JUAN. — ¡Claro que sí Dolores, claro que sí! (Abre la puerta, ve a ANTÓN.) ¡Claro que no Dolores, claro que no! (Le cierra la puerta en las narices.) Tú quieres arruinarme, ¿verdad?

ANTÓN. — ¡No lo aguanto! Ni un minuto más.

JUAN. — El hijo del forense, ¿eh?

ANTÓN. — La hija del vecino. ¡Ah! Ha entrado por ahí, me ha tomado por tu mujer.

JUAN. — Hombre…

ANTÓN. — Me ha dicho: “¿Usted cree que tengo las piernas torcidas, señora?” Y me ha enseñado las piernas. “¿Usted cree que tengo el estómago dilatado?” Y me ha enseñado el estómago. Y yo aquí quieto con los ojos fuera de las órbitas.

JUAN. — Ha entrado, ¿eh? Debe haber una puerta por detrás del cobertizo.

ANTÓN. — Y yo soy un exponente de la furia española. En el equipo de fútbol que jugaba me llamaban “pecho de bronce”. Y “pecho de bronce” se ha estado quieto ahí en esa silla.

JUAN. — (Cogiéndolo de las axilas y llevándolo a la silla.) Muy interesante.

ANTÓN. — Pecho de Bronce no puede estar quieto… (JUAN le mete el sombrero hasta las narices.) y te digo que… (Le dobla el ala.) Porque si lo que pretendes…

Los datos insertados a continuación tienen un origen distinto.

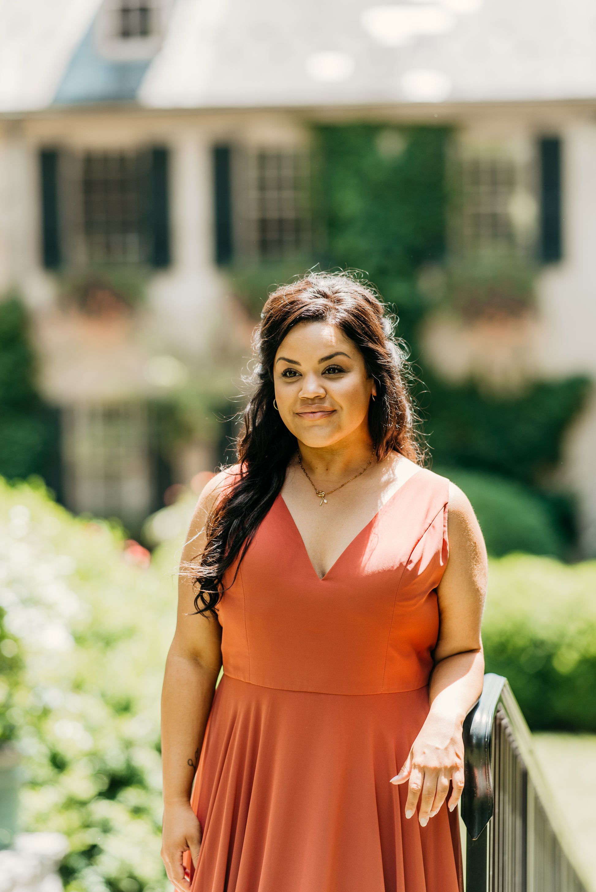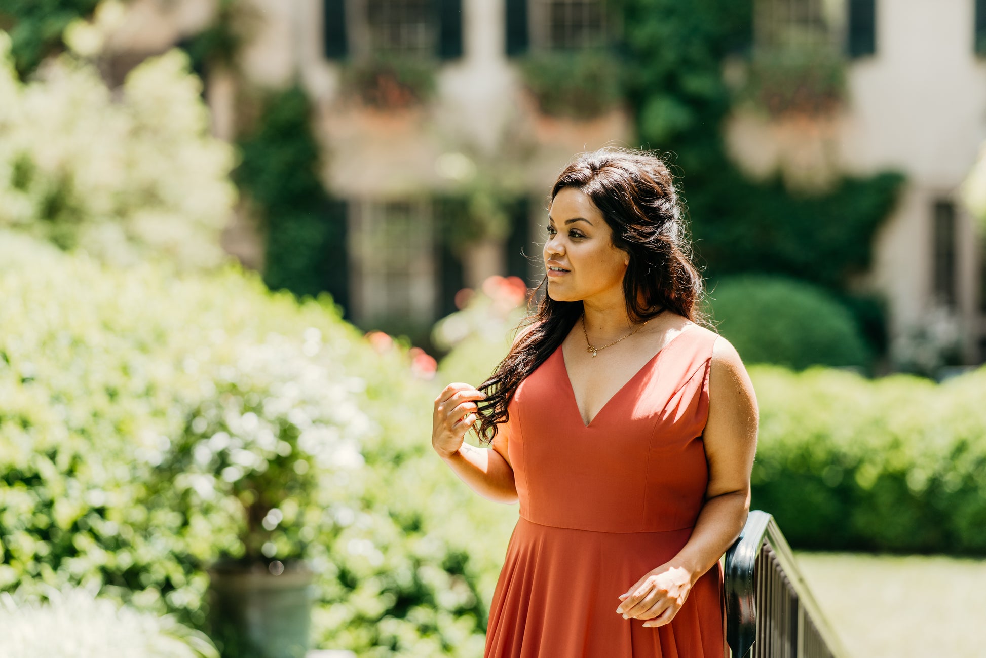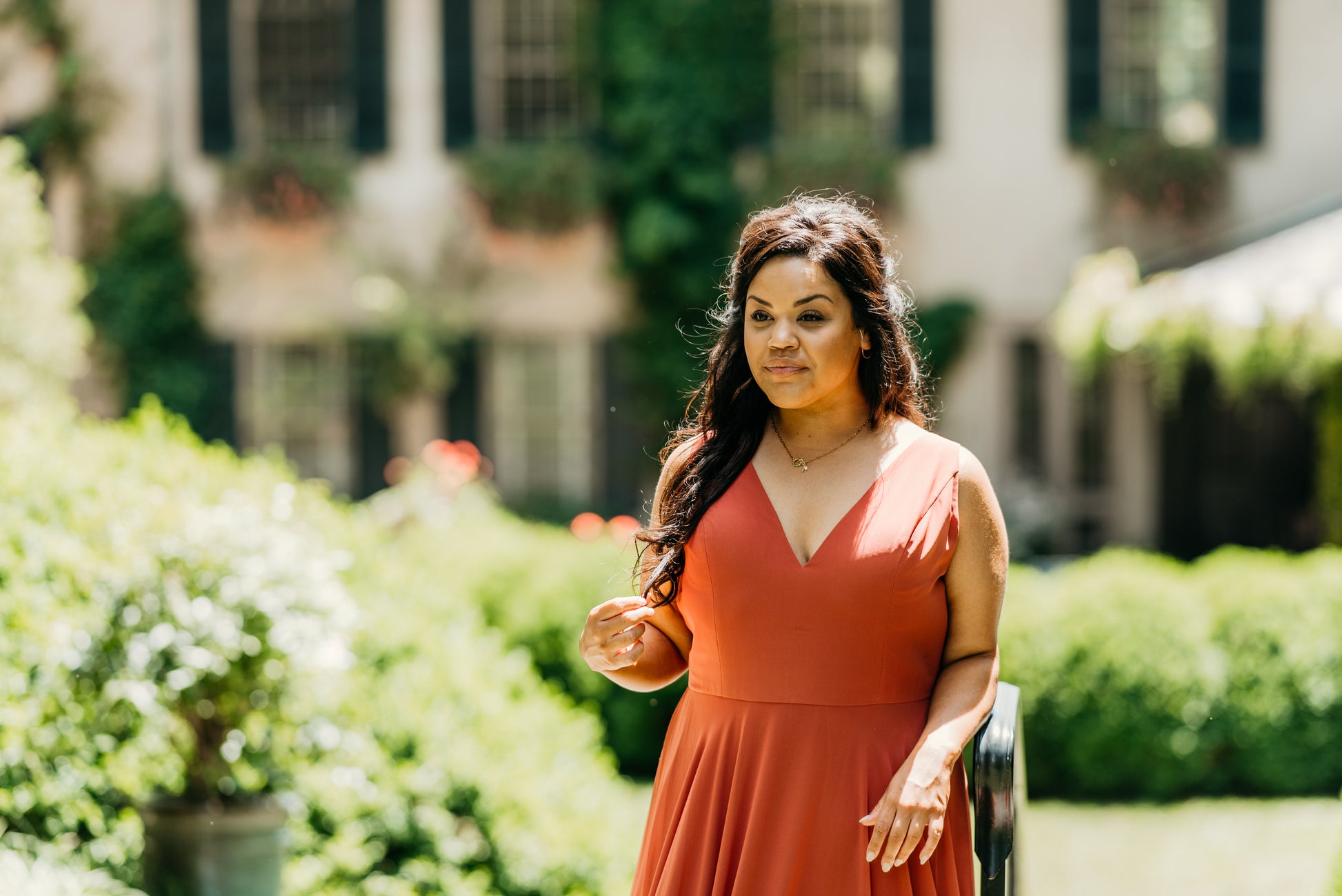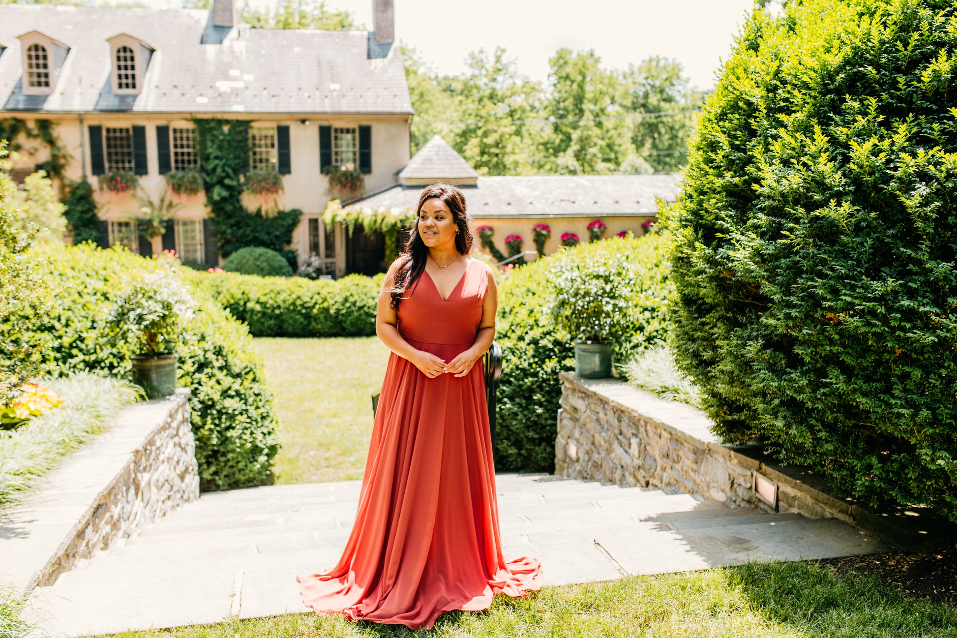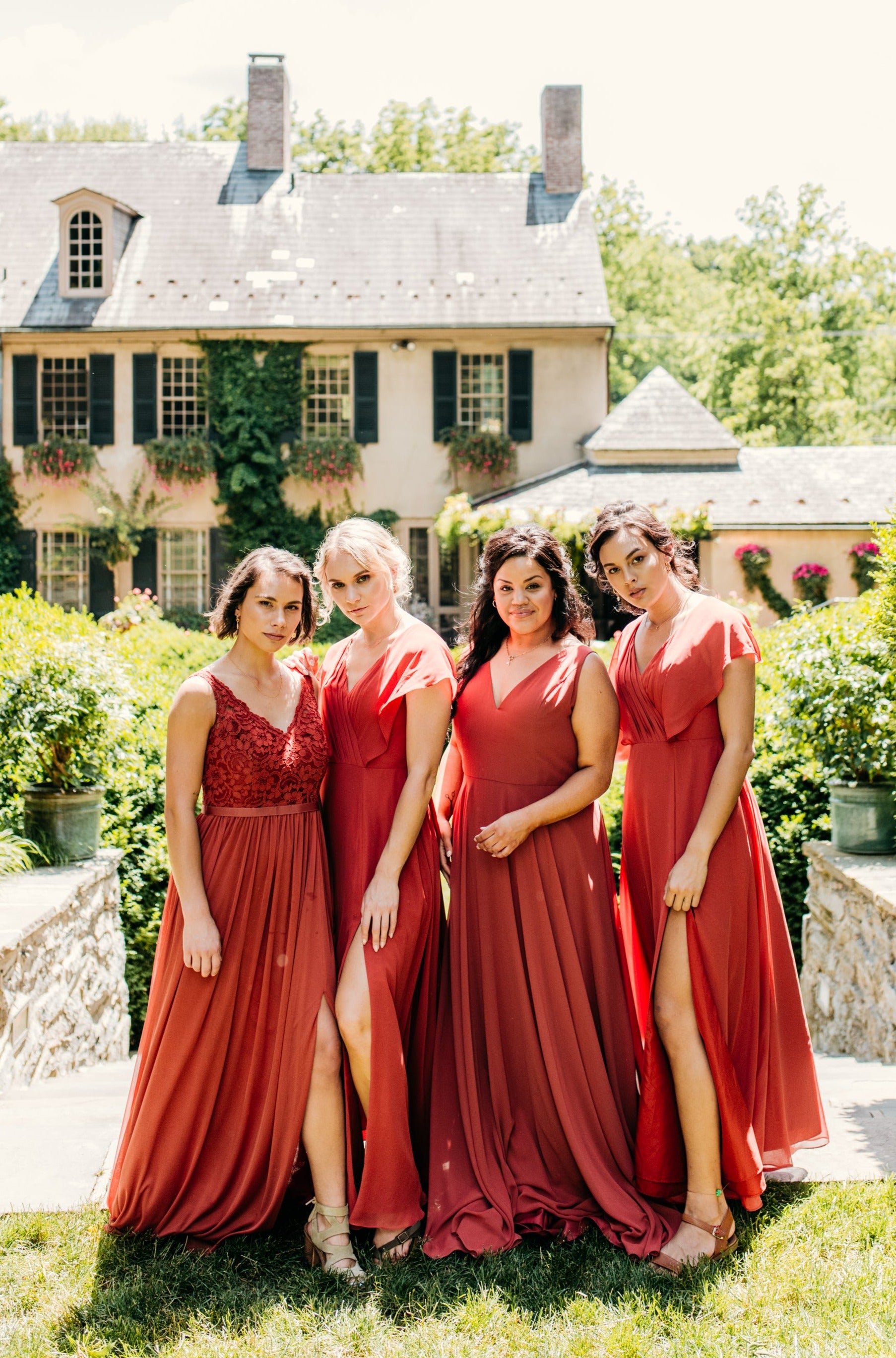 Chiffon v-neck princess seam bodice with 1" straps, square back neck, circle skirt.

(Le da un puñetazo en la cabeza.)

JUAN. — Luego me lo contarás, ¿quieres? He dicho que saco a mi mujer. ¡Y saco a mi mujer! (Abre la puerta. Con DOLORES se han reunido los vecinos, excepto MARIUPE.) Querida Dolores… ¿me hace el favor? (Empuja el carrito hacia la puerta. ANTÓN se agazapa lo que puede.) O usted, don Enrique. El escaloncito, por favor. (ENRIQUE se agacha para coger el sillón y logra llevarlo hasta el centro del jardín. Todos miran a ANTÓN con recelo.) Como les he dicho, sólo tienen que ayudarme a meterla en el coche y traer acá el silloncito.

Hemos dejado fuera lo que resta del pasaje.